Xander is pretty much the definition of a Problematic Fave. And that’s fine — culture doesn’t need to be perfect for us to love it, we just need to acknowledge those flaws. As an adaptation and reimagining of this imperfect source material, the comics reboot seems determined to do exactly that.

Can Xander be saved?

There’s a lot of affection in how Bellaire writes Xander. She quickly nails his voice, dialling up the Whedonese – verbed nouns, pop-cultural references, mangled syntax – further than any other character. And his arc has a lot of touching moments, especially in his friendship with Willow. When he sacrifices himself for her, it’s not to prove anything to her or himself. He does it simply because it’s the right thing to do.

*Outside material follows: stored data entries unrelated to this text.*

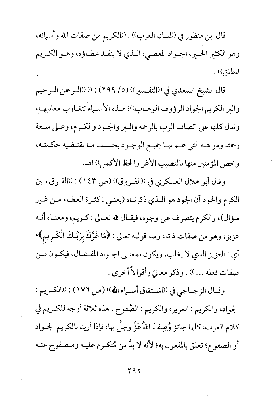 وقال الزجاجي في ((اشتقاق أسماء الله)) (ص 176) : ((الكريم: الجواد، والكريم: العزيز، والكريم: الصَّفوح. هذه ثلاثة أوجه للكريم في كلام العرب، كلها جائز وصف الله عَزَّ وجلَّ بها، فإذا أريد بالكريم الجواد أو الصفوح؛ تعلق بالمفعول به؛ لأنه لا بدَّ من مُتكرم عليه ومصفوح عنه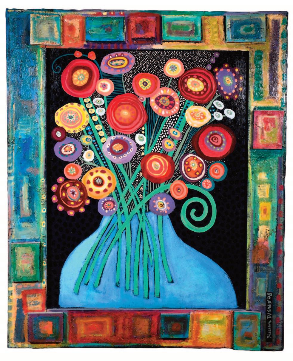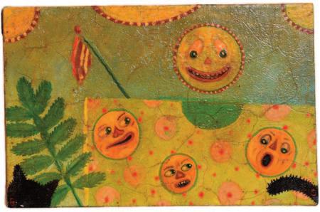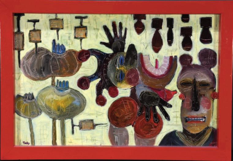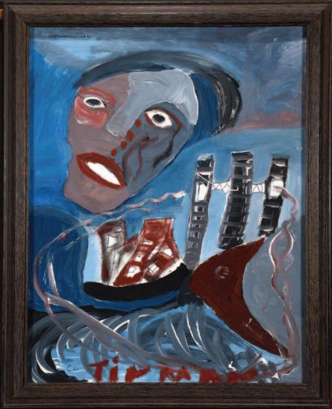 Paint on poster with artist-decorated frame. Excellent condition.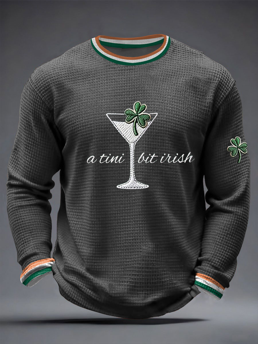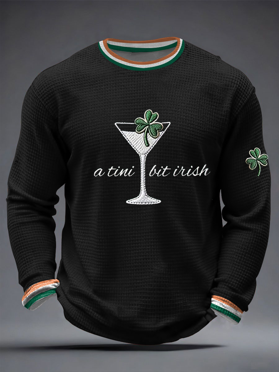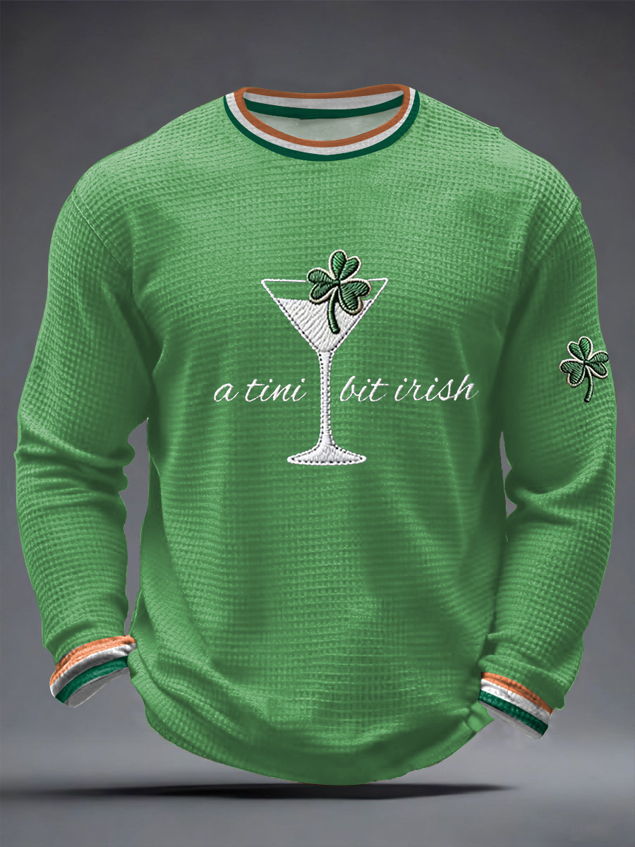 Men's St. Patrick's Day A Tini Bit Irish Shamrock Art Waffle Long Sleeve T-Shirt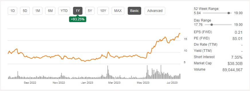 智通财经APP获悉,近段时间以来,在人工智能(AI)热潮的带动下,Palantir(PLTR.US)股价持续上涨,周四盘中一度创下52周新高。今年上半年,该股累计上涨185%,相比之下,纳斯达克综合指数上涨近39%。然而,该股仍远低于2021年1月底创下的历史盘中高点45美元。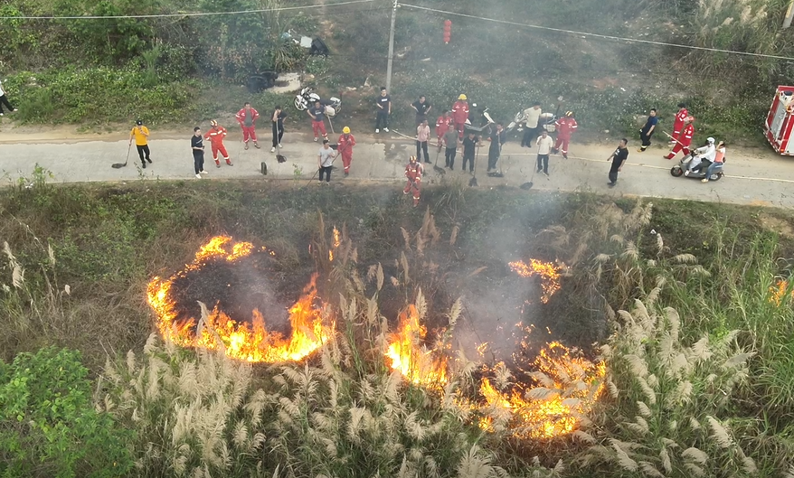 培訓(xùn)完畢后,參訓(xùn)人員前往八萬鎮(zhèn)高塘村鯉魚洞橋頭參與實戰(zhàn)演練,本次演練全面模擬了森林火災(zāi)從突發(fā)、應(yīng)急響應(yīng)直至成功撲滅的全流程場景,訓(xùn)練了以水滅火技法和協(xié)同撲滅戰(zhàn)術(shù)。模擬火災(zāi)發(fā)生后,應(yīng)急隊伍迅速集結(jié)待命,根據(jù)現(xiàn)場指揮分為風(fēng)力滅火、以水滅火、滅火把3個撲救組,分別攜帶各類滅火器械奔赴“火場”。隊員們分工明確,行動迅捷,首先由風(fēng)力滅火、以水滅火撲救組使用風(fēng)力滅火器、消防高壓水槍對火勢進行強力壓制,采用 “一點突破兩翼推進” 的戰(zhàn)術(shù),有序向火源逼近。滅火把撲救組緊隨其后,緊密配合,從不同方向?qū)γ骰鸢l(fā)起總攻。他們牢記 “打早、打小、打了” 的原則,在濃煙與烈火中穿梭,經(jīng)過艱苦奮戰(zhàn),熊熊烈火終于被成功撲滅。火勢撲滅后,撲救隊員也未放松警惕,對火場進行了全面細致的檢查清理,防止火場復(fù)燃。

The voice of the Xander who narrates the first issue, though, feels like Bellaire extrapolating from the character’s more troubling aspects to see where he’d fit today. It’s never clear where on the internet he’s posting these thoughts, but you can probably take a good guess. When he says things like “Girls don’t even have to try to be likable” or, while watching his friend kiss her girlfriend, “I get this sense that I’m not good enough”, it’s hard not to think of boys radicalized by the darker corners of the web, of “nice guys” and “friendzones” and the poisoned word “incel.”

xander on the attack
Xander goes full Big Bad
Image: Boom Studios

The story never demonises Xander (at least, not until he’s a literal demon). It makes it pretty clear that he is genuinely lonely, and it’s easy to feel for him, but he seems to place the blame for that loneliness in the wrong place: on his friends for not understanding and for getting on with their own lives, rather than because he’s keeping his feelings inside. It’s a reminder that toxic masculinity hurts everyone, including men.

Later, when Xander is trapped between human and vampire form, his squishy-browed self shows this “dark side” to Buffy and Willow for the first time. And, honestly, it’s pretty banal – comments about lusting after his friends and fantasies of threesomes. The kind of thing he would have joked about on TV, with a dark edge exposed.

This version of Xander is at his kindest when sharing a soul with Willow. He’s suddenly able to express his emotions, be grateful for his friends and supportive of Willow and even Buffy’s romantic ventures. When Sunnydale’s men go all sweaty and veiny in “Hellmouth,” under the influence of a spell that brings out all that deep-ingrained patriarchal ugliness, Xander is the last one to succumb. It’s the love of his friends, as ever, which saves him.

Whether that’s still the case now that the character has gone full Big Bad, and he can be brought back from actual outright villainy, remains to be seen. But if anyone can redeem the character, Jordie Bellaire has demonstrated that it’s probably her.